(SUPPLIED MATERIAL Opens)
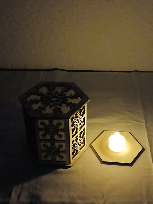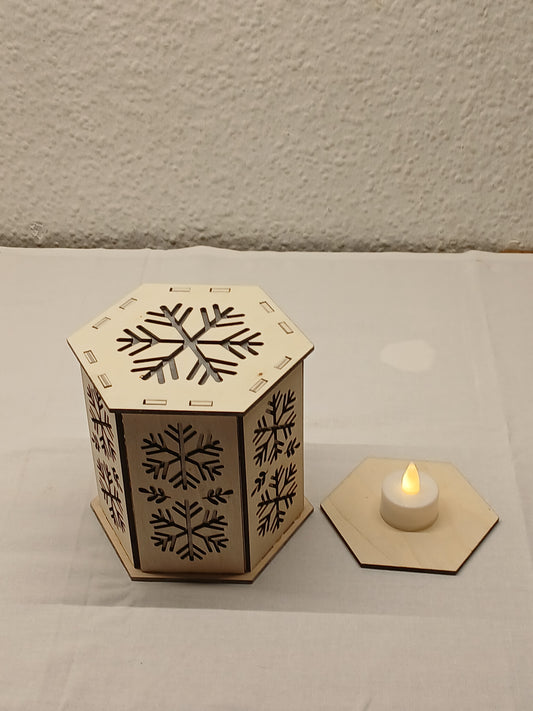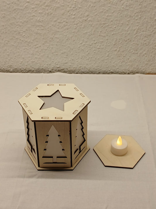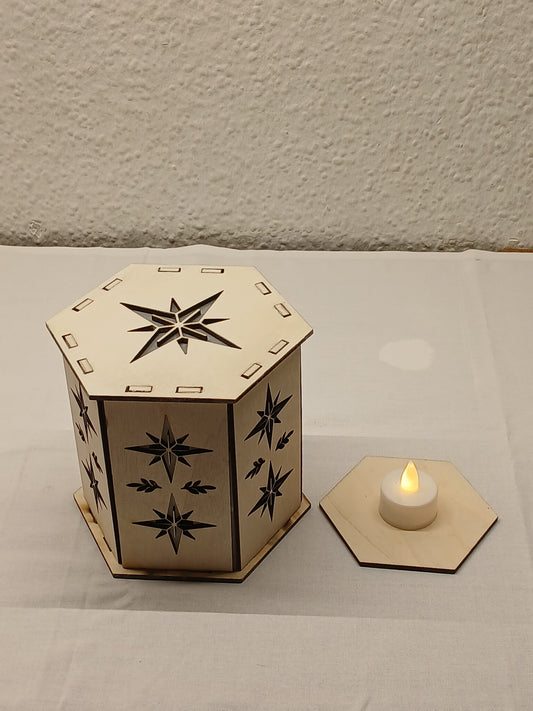 "Handgefertigte Holzlaterne mit Sternmuster und LED-Teelicht"
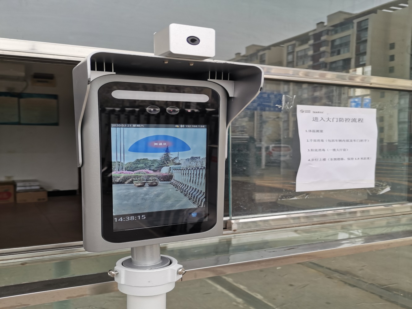 圖為總部贈(zèng)與武漢利德的人臉識(shí)別智能測(cè)溫儀-放于大門入口處,高效率智能識(shí)別人臉和體溫并有效的防止了接觸和二次交叉感染,為防控病毒做好了第一道有力防線。
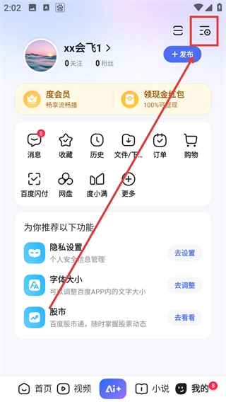 1、在百度个人中心页,点右上角功能菜单图标,能展开常用功能列表,找到隐私相关设置选项哦。
(SUPPLIED MATERIAL Closes)
**TASK ITEM**
Print the data above in full and exactly as it appears, skipping the pictures.

**WRITTEN SOLUTION**
 "Handgefertigte Holzlaterne mit Sternmuster und LED-Teelicht"
 圖為總部贈(zèng)與武漢利德的人臉識(shí)別智能測(cè)溫儀-放于大門入口處,高效率智能識(shí)別人臉和體溫并有效的防止了接觸和二次交叉感染,為防控病毒做好了第一道有力防線。
 1、在百度个人中心页,点右上角功能菜单图标,能展开常用功能列表,找到隐私相关设置选项哦。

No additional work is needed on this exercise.